Сначала были крики в спину: «Альдис! Альдис, подожди!» — потом из кустов вывалился кудрявый крепыш.
Девушка помотала головой. Такое чувство, будто она попала в дурной повторяющийся сон. И сейчас снова придется драться и слушать про Хельга.
— Зачем ты так мчишься, что нет никакой возможности догнать? — укоризненно проблеял давешний противник. — Неужели не слышала моего зова? Бежать через кусты трудно, они жесткие и все в колючках. Гляди, я чуть не порвал форму. И оцарапался.
— Чего тебе надо?
Если парень все-таки собирается закончить то, что начали его дружки днем, то дело плохо. Альдис сейчас и от Нанами не отобьется.
— Я хотел поговорить с тобой! — выпалил крепыш. Покосился на других девчонок и добавил: — Наедине.
— Мы пойдем, подождем в холле.
«Нет, не надо!» — хотела крикнуть девушка. Хотела, но не крикнула. Ее разборки с мальчишками — это ее разборки, нечего подруг впутывать.
Проводила взглядом закрывшуюся дверь, ущипнула себя за руку и попробовала разозлиться. Апатия в бою — верное поражение.
Злости не было, только разболелся низ живота. Йотуны тебя побери, Гвен! Накаркала!
— Чего тебе? — еще более неприветливо повторила девушка, стараясь оттянуть момент драки.
— Я… э-э-э… хотел спросить… Хотел задать вопрос. Не обижает ли кто тебя?
— Ты что — издеваешься?
— Нет, я серьезно. Ты это… если обижает кто — только скажи мне! Не стесняйся, прямо так и скажи. Поверь, мне можно довериться. Не бойся! Пусть будет даже сам Дрона, я его… — Парень изобразил выразительный хук левой рукой. — Скажи только имя, и обидчик будет повержен и унижен мною!
Теперь Альдис окончательно убедилась, что за всем этим скрывается какая-то пакость имени Хельга. Интересно, чего они ждут? Что она начнет жаловаться?

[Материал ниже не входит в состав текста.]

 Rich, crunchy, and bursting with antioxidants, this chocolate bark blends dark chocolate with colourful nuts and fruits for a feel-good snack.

И кому потом будут переданы эти жалобы?
Не очень-то умно со стороны Хельга, прямо скажем. Со своими обидчиками Альдис привыкла разбираться самостоятельно.
— А с чего такая забота?
Кажется, он смутился:
— Ну, ты же девчонка. А девчонок нужно защищать.

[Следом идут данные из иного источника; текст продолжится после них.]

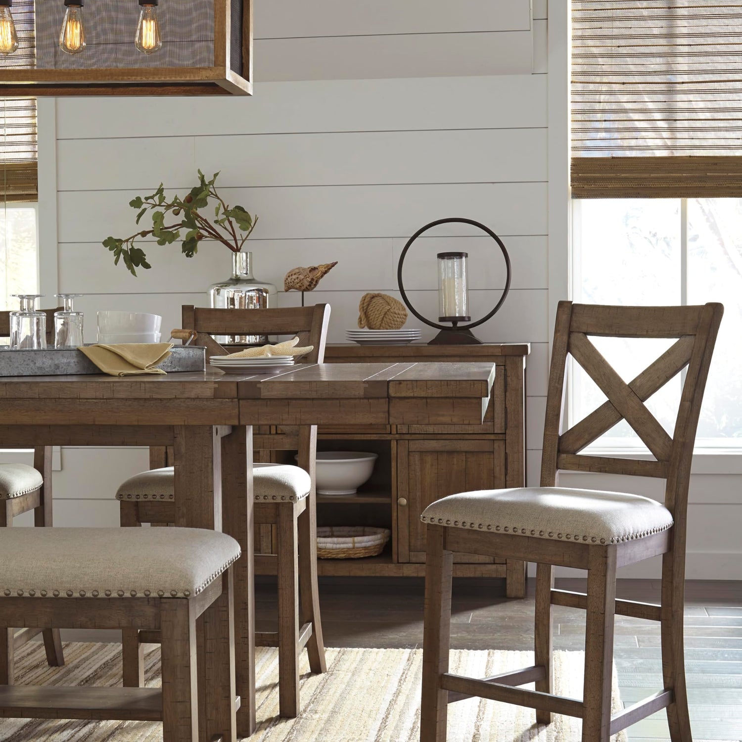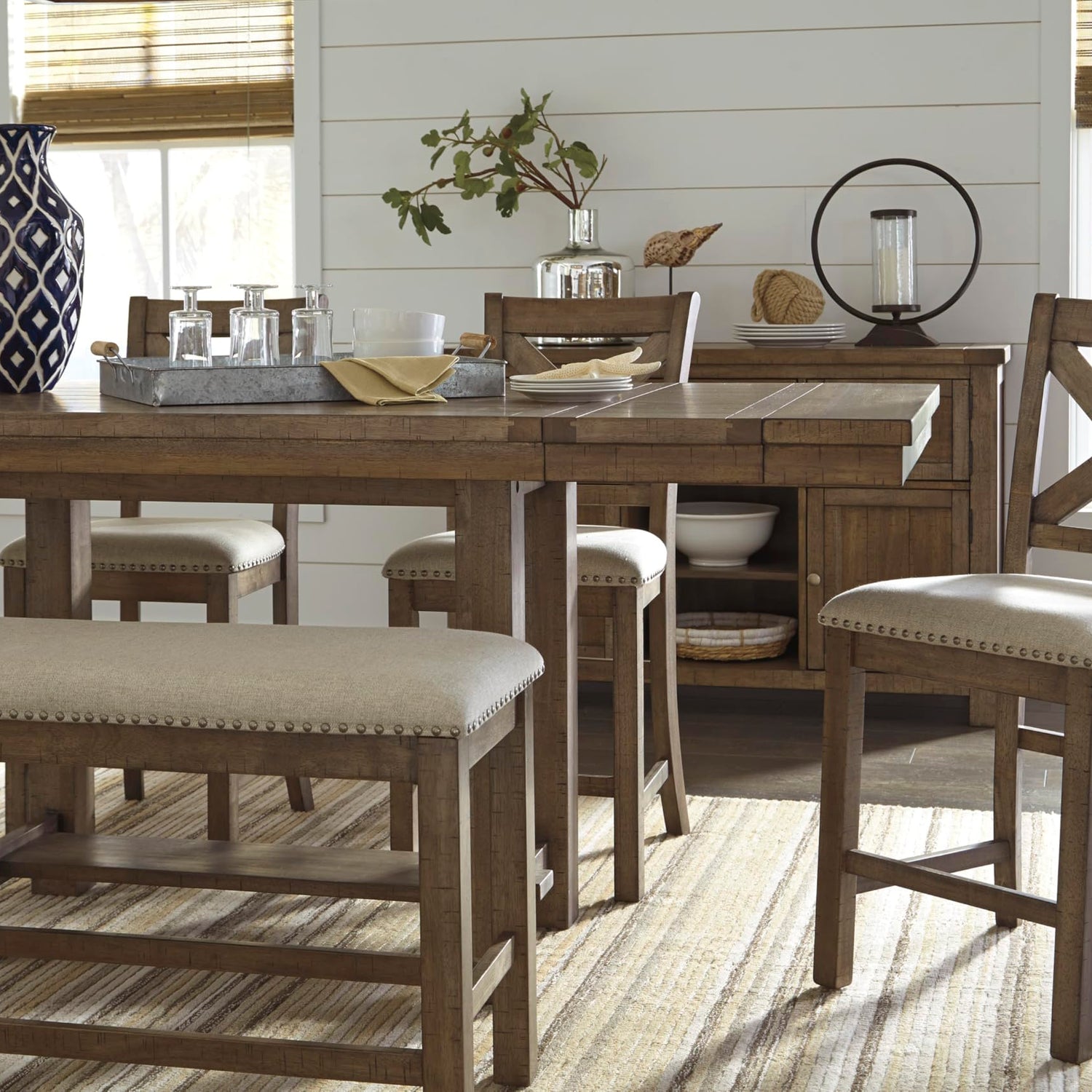 Signature Design by Ashley Moriville Rustic Farmhouse Counter Height Dining Extension Table, Separate Extension Leaves, Seats 8, Wood, 36" W x 86" D x 36" H, Brown

Нет, он решительно издевался.
— Ты намекаешь на то, что я слабачка и не могу постоять за себя? — очень ровным тоном спросила курсантка. Долгожданная злость все-таки вернулась, еще бы живот перестал ныть. — Может, ты хочешь сказать, что таким, как я, не место в академии? Спасибо за заботу, можешь передать своим дружкам, что я готова надрать им задницы в любое время дня и ночи. — Последнее было откровенным бахвальством. Оставалось надеяться, что крепыш об этом не знает.

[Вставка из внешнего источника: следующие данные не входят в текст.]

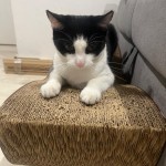Czarno-biały Trzy czarne łapy z białymi skarpetkami Jedna biała łapa Różowy nosek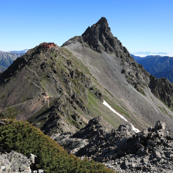 La ruta avanza por una cresta espectacular, con tramos expuestos y vistas continuas sobre el macizo del Hotaka y los valles profundos de Kamikochi. El sendero exige atención y buen ritmo, pero regala una de las travesías más bellas de los Alpes del Norte.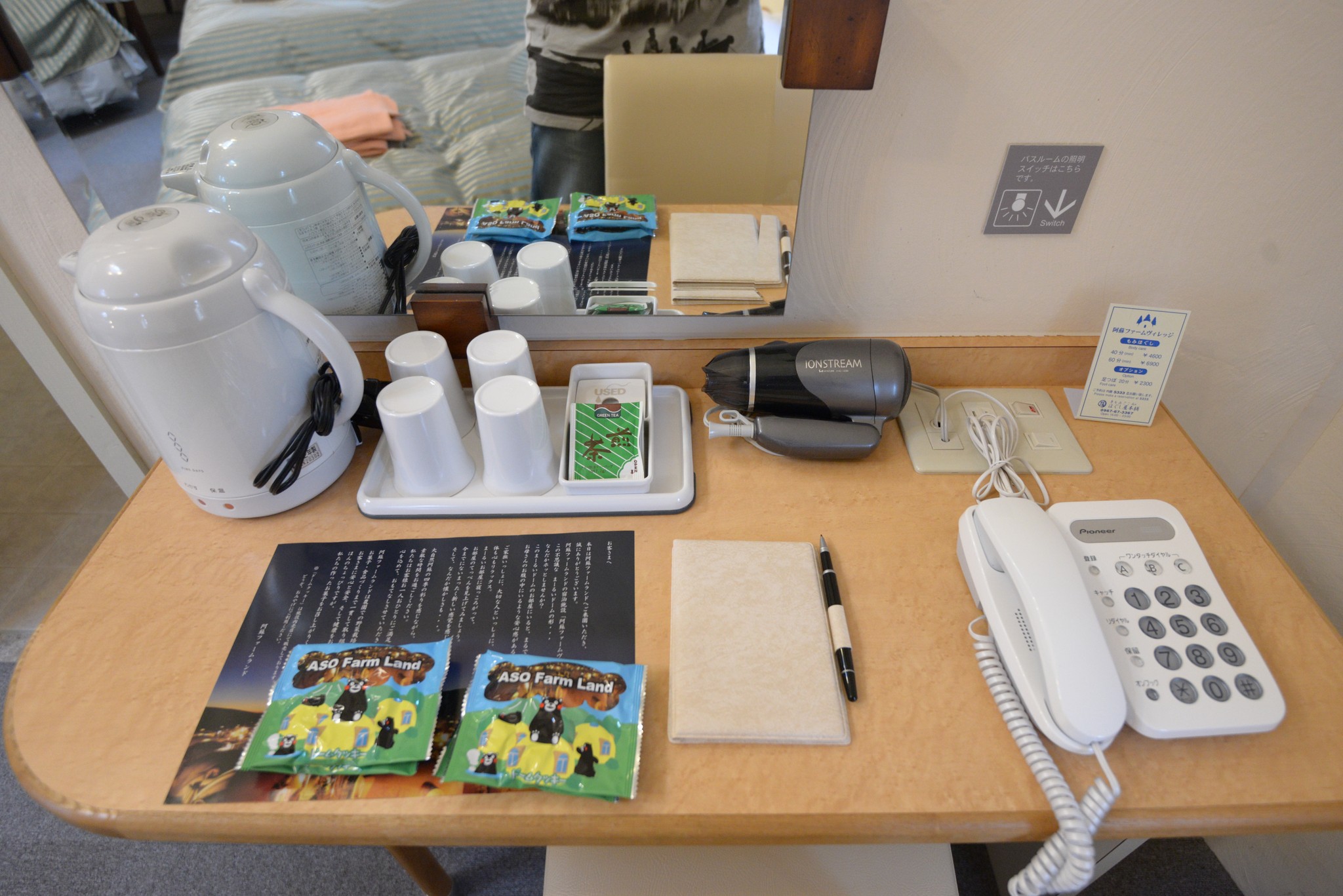 這次的預約是兩位大人一位幼兒,陳小弟不算錢,package 的內容有早晚餐,火山溫泉卷和一張體驗卷,因為陳小弟還小,不太適合去泡大眾湯,再加上行程上的安排,體驗也沒有去玩,對我們來說只是純一泊二食。這裡的 check-in 時間只有 16:00 ~ 18:00,而 10:00 就要 check-out,所以純素泊來說有些不划算,最好是留半天時間來玩園區內的設施。

— Альдис, иди быстрее! Комендант закрывает вход, — высунула голову из-за двери Гурда.
Сбегать с поля боя, конечно, не очень достойно, но Альдис сбежала. А что еще оставалось делать?
Хельг Гудиссон
Вместо правой руки — боль. И вместо правой ноги — тоже боль. Словно жалят без остановки сотни пчел, а следом за полосатыми товарками спешат вгрызться в кость и плоть тысячи мерзких муравьишек.
Слезы прокладывают влажные дорожки по щекам. Пытаешься вдохнуть воздух, но легкие словно наполняются лавой из Муспельхейма. Аустри, Вестри, Нордри, Судри — коротышки бросили положенную им Всеотцом службу, и небосвод стремительно приближался, грозя раздавить мелкого человечишку.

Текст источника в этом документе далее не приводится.